Lujan Grisham calls for removing National Guard from border

A member of the New Mexico National Guard talks to Gov. Susana Martinez in April about the jobs troops are doing on the border to support Border Patrol agents. (Angela Kocherga/Journal)

SANTA FE — U.S. Rep. Michelle Lujan Grisham is calling on Gov. Susana Martinez to rescind the deployment of New Mexico National Guard troops working on the border as part of President Trump’s efforts to fight illegal immigration.

Lujan Grisham — the Democratic candidate to succeed Martinez after the fall election — said the troops should be redeployed to aid in efforts to combat wildfires across the state, not used to help “President Trump’s inhumane immigration policies.”

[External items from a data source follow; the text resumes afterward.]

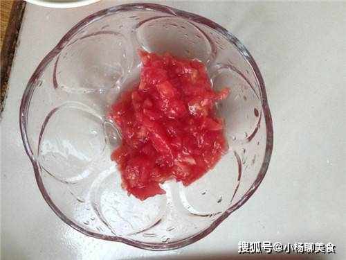步驟1:按照人數拿出幾個蕃茄,我是用的1個蕃茄,然後將蕃茄放在水中清洗乾淨,並且放在菜板上快速的切成片,之後繼續切成丁備用。我為了口感更加的好,是將蕃茄放在鍋中煮了1分鐘的,然後將蕃茄的皮撕掉,然後再切丁的。
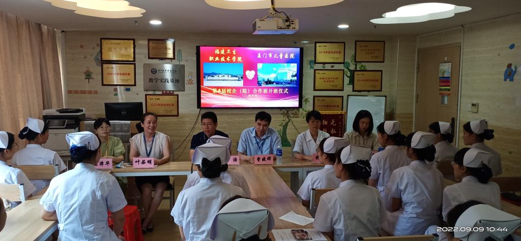 9月9日,护理学院与厦门市儿童医院联合开办的2021级护理专业校院合作班在厦门市儿童医院正式开班,厦门市儿童医院副院长曾晓辉、办公室主任(护理教研室主任)黄湘晖、护理部副主任叶茹明,我校护理学院副院长林浩,双方有关老师、辅导员、班主任以及23名学生参加开班仪式。
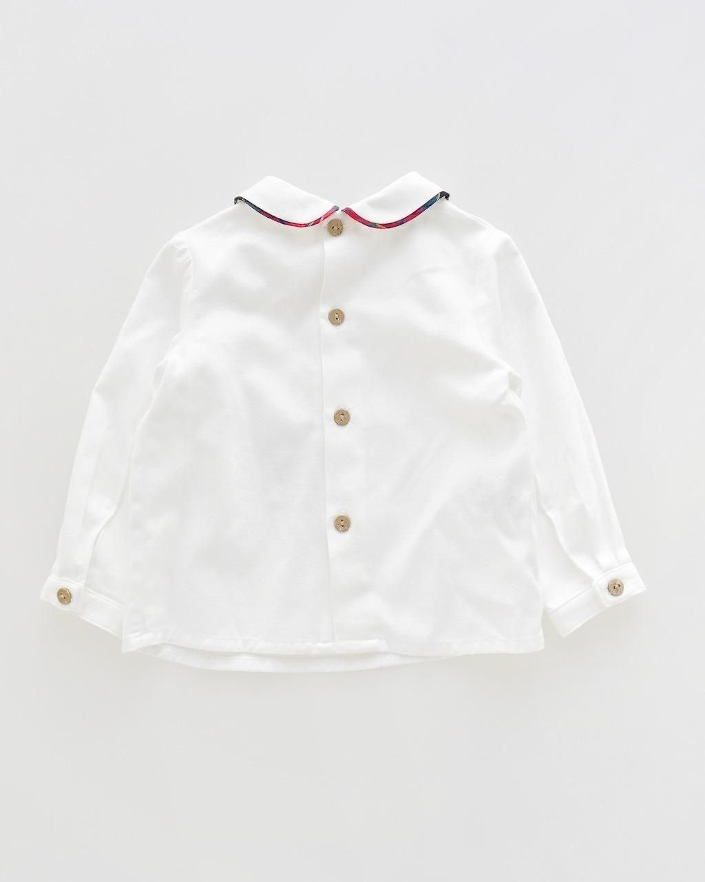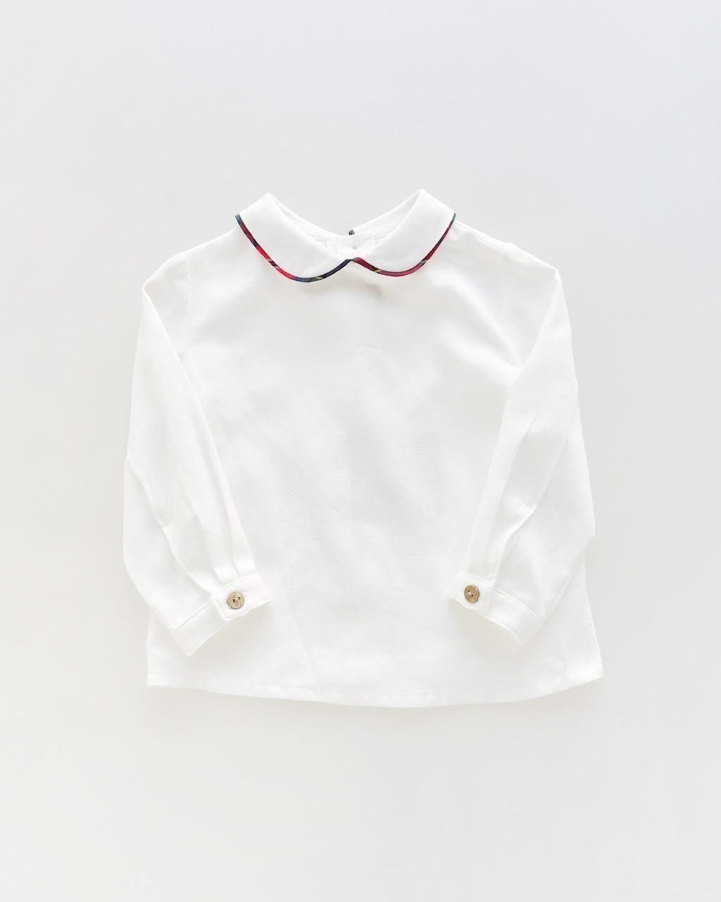シャツはシンプルなホワイト生地に、共布パイピングの丸襟がキュート。
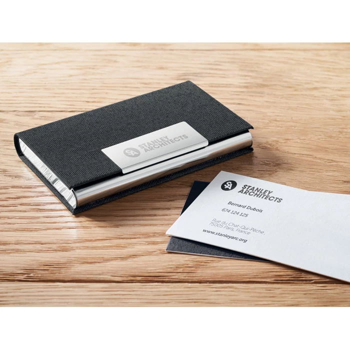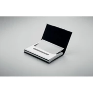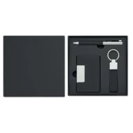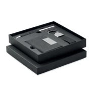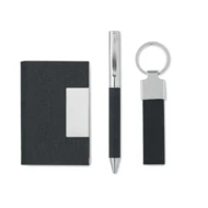 3-częściowy zestaw upominkowy w pudełku. Zawiera metalowy przekręcany długopis z detalami z poliestru RPET, brelok do kluczy z poliestru RPET i etui na karty z poliestru RPET z metalową płytką. Niebieski tusz.

Her call comes after governors of some states rescinded their deployments amid the national uproar over the separation of migrant children from their parents at the border. On Tuesday, for example, Maryland Gov. Larry Hogan, a Republican, ordered a helicopter and four crew members to return after being stationed in New Mexico.

Lujan Grisham said Gov. Martinez should immediately recall New Mexico’s troops, too.

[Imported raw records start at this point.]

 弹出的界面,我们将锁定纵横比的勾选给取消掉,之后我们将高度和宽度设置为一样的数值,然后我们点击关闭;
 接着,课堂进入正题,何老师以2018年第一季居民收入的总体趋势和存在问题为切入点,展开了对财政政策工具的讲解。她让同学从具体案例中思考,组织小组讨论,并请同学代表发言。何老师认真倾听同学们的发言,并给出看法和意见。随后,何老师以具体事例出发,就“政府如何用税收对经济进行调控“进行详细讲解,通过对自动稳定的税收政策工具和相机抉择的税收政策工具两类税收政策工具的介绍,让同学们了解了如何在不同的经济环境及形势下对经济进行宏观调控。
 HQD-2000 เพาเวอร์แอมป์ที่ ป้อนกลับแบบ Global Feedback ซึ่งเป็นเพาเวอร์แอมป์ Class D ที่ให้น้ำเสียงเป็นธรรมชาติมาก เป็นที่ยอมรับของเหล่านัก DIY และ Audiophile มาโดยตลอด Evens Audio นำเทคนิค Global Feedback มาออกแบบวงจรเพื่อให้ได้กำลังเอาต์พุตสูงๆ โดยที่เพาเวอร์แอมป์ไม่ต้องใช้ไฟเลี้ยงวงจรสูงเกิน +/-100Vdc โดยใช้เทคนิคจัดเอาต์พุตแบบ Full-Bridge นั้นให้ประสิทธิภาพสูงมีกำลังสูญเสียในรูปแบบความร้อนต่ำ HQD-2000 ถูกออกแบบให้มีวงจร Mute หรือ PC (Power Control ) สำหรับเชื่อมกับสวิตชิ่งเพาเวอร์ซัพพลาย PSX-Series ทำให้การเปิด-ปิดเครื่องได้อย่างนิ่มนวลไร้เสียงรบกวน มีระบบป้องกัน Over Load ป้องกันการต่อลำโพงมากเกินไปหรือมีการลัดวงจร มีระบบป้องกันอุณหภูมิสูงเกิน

“Using New Mexico personnel and hard-earned taxpayer dollars to support an administration that is tearing children from their parents is sickening,” she said Wednesday in a written statement. “We have a responsibility to stand up to policies that betray our most basic values.”

The Martinez administration, in turn, said it doesn’t have any current requests for National Guard resources to respond to wildfires or disasters and that National Guard troops have been on the border for decades. Removing them would interfere with the work of a drug interdiction task force, according to the administration.

As of April, about 60 National Guard members from New Mexico were serving in a support role on the border, where they have been helping with vehicle maintenance and caring for horses used by the Border Patrol in rugged train, among other tasks. Martinez was expected to deploy up to 150 troops altogether.

She visited the troops in April and said they would help combat human trafficking and the flow of illegal drugs across the border.

President Trump wants as many as 4,000 members of the National Guard on the border until a wall is built.

Martinez has been a firm backer of the Trump administration’s “zero tolerance” immigration policy for illegal crossings.

Martinez spokesman Ben Cloutier said the governor also strongly supports the president’s new executive order, signed Wednesday, “to keep immigrant families together and hopes that the decision will be upheld by the courts so that the federal government won’t be forced to return to the failed policy of catch and release.”

Lujan Grisham, who represents the 1st Congressional District covering much of the Albuquerque area, is running for governor this year rather than seek re-election. She faces one of her colleagues in Congress, Republican Steve Pearce, who is also giving up his seat to run for governor.